Wednesday, May 13, 2009

It's a Vicious Cycle

Girls are mean. Girls lead on guys. Girls break hearts for fun. We’ve all heard this before, but where in the world did this idea come from?

The 2004 production of the movie “Mean Girls” accurately portrays the popular stereotype of the modern day beautiful yet heartless woman. As far as I know, however, this woman is basically mythical. Never once, in all my eighteen and three quarters years, have I heard any girl say to another anything along the lines of, “I just found out that so-and-so likes me; I think I’ll string him along for a little while before chewing him up and spitting him out,” or seen one sitting back and relaxing with some book maliciously titled, “Manipulating Males for Fun and Profit.”

In fact, if they were to learn that a guy they knew was interested in them and after a while they found they didn’t return that interest, they would do absolutely everything in their power not to hurt his feelings. Why, then, do these girls have such disagreeable reputations? I found the answer in my freshman year of high school.

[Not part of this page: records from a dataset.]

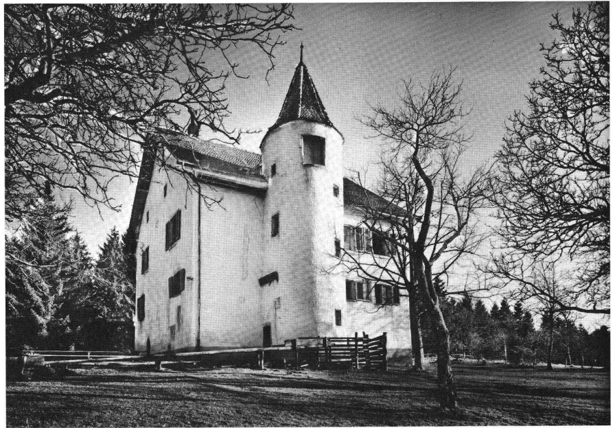
Domont, Zustand um 1930.
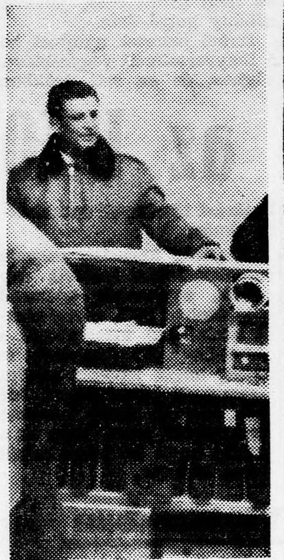
ABIE „Tárgyalni akarok...”

— A puskacsó előtt álló ember szempontjából az amerikai golyó éppúgy fáj, mint az orosz, és egyáltalán, ki akarja megtámadni Jordániát — mondta a new-yorki repülőtéren az újságírók előtt.
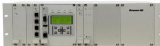
Метроном версии 900
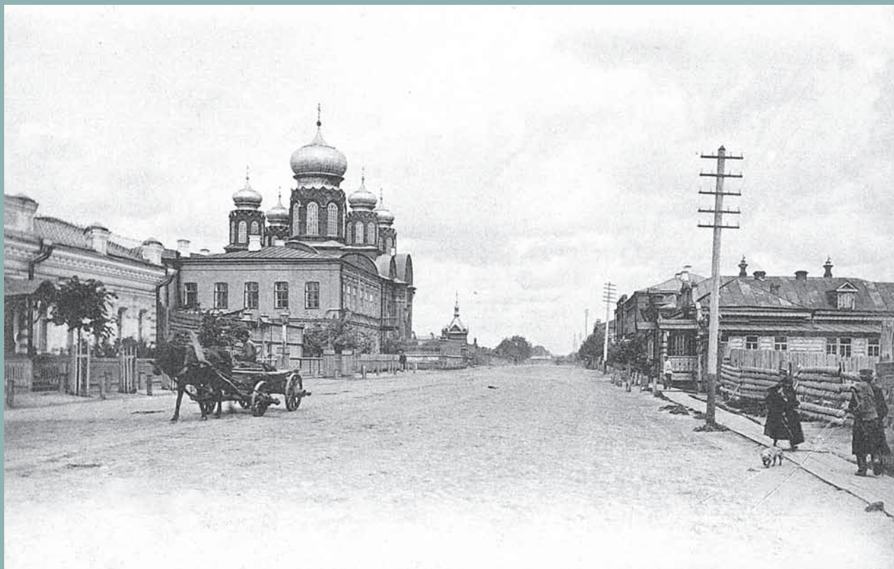
Вид на Богоявленскую церковь; справа от нее видна часовня в память пребывания в Пензе наследника цесаревича Николая Александровича. Фото 1910-х гг.

Печатается по публикации: Пензенский временник любителей старины. 2000. Вып. 9.

One of my best friends had found herself head over heels in love with a boy in our class. Little did I know that soon enough I would find myself up to my eyeballs in drama. Sure enough, the moment she began Operation ‘I Like You,’ I was strapped into an emotional rollercoaster that would last the rest of the year. She started with friendly conversation, then flirting, then hanging out, then Friday nights at the movies, then Prom, all to no avail. He still seemed to be blind to her advances. After months of desperation, she tossed subtlety to the winds and sent him a text informing him that she was in love with him and begging him to react. When this final act failed to force him into action, we decided that the only plausible conclusion was that he was simply a mean-hearted jerk who had been knowingly leading her on all year.

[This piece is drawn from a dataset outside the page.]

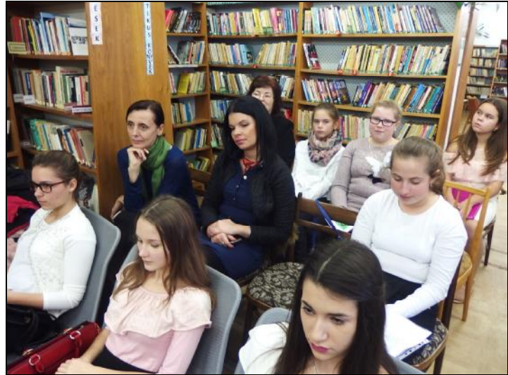
Versmondók és felkészítők

A „Magyarnak lenni: nagy s szent akarat!” címen futó magyar költők hazafias költeményeinek idei szemléjére összesen tizenheten jelentkeztek. De kevesen! – sóhajthatnánk fel. Sóhajthatunk akármennyit, azzal előbbre nem jutunk. Sok oka lehet ennek, töprenghetnénk rajta naphosszat. Egyik oka nyilvánvaló: a hazafiság mint erkölcsi fogalom „kiment a divatból”. Az egyéni érdek, a karriervágy, a valósítsd meg önmagad, a nyugatimádat – hosszan sorolhatnánk! -, amivel óránként szembesül az ember, az ifjúság is, a rontás, a rombolás szelleme, amely a „példakép” nyugatról árad felénk... Pedig tudhatnánk, mi magyarok kiváltképp, hogy: „hittél a nyugatnak, mindenkor becsaptak”(idézet a Tartsd magad nemzetem című, elhallgattatott dalból ). Inkább örülhetünk annak, hogy 17 magyar fiatal kezébe vette Sajó Sándor verskötetét vagy kereste azokat a világhálón s megtanulta Illyés Gyula, Wass Albert, Gyurcsó István, Váci Mihály, Ábrányi Emil, Babits Mihály, Majthényi Flóra, Márai Sándor, Reményik Sándor, Móricz Zsigmond, Kardos Győző, Petőfi Sándor, Deák L. Olivér stb. egy-egy költeményét. Megtanulta s előadta, az értékelő bizottság véleménye szerint: kitűnően. Ebben nyilván nagy szerepe van az őket felkészítő tanároknak (Szikora Andrea, Zolczer Andrea, Cseri Bernadett, Renczés Nóra, Károlyi Andrea, Viczencz Gábor, Németh Ágota), sőt nem egy esetben a szülőknek is.

It still wasn’t until the next time that I heard the familiar dilemma, “I keep trying to let him know that I’m not interested, I’m giving him all the signs, but he just won’t get it! Boys are so dumb!” that it finally clicked. Our freshman heartbreaker hadn’t been leading her on at all; he had been doing everything he could to let her know that yes, he noticed her feelings and no, he didn’t feel that way at all. The only problem was that he had taken a leaf out of the official “How to be a Girl Handbook” and chosen subtlety as the best means to let her down easy. He had been giving her all the signs (avoiding eye contact, never beginning conversations, keeping other friends around at all times, etc), but she wasn’t getting it because they were so irrationally subtle!

Girls are so dumb.

The revelation that we nice girls created the mean girl stereotype through our efforts to avoid it was mind-boggling for me. People think we’re mean because we treat guys so indifferently for so long, which we do to try to let them down as easily as possible, which we do so people don’t think we’re mean girls. Life is cruel.

Since this lesson, I have adopted “Honesty is the best policy” as my motto. When an uninteresting guy seems interested, I avoid subtlety as much as is reasonable, and while there is still the occasional boy for whom “I want you to stop talking to me and following me around” still doesn’t quite get the message across, I’ve found a great deal more success with this route. I may very well have still developed a reputation for rudeness, but at least it’s because I have actually been rude on occasion and not because I’ve just been way too nice.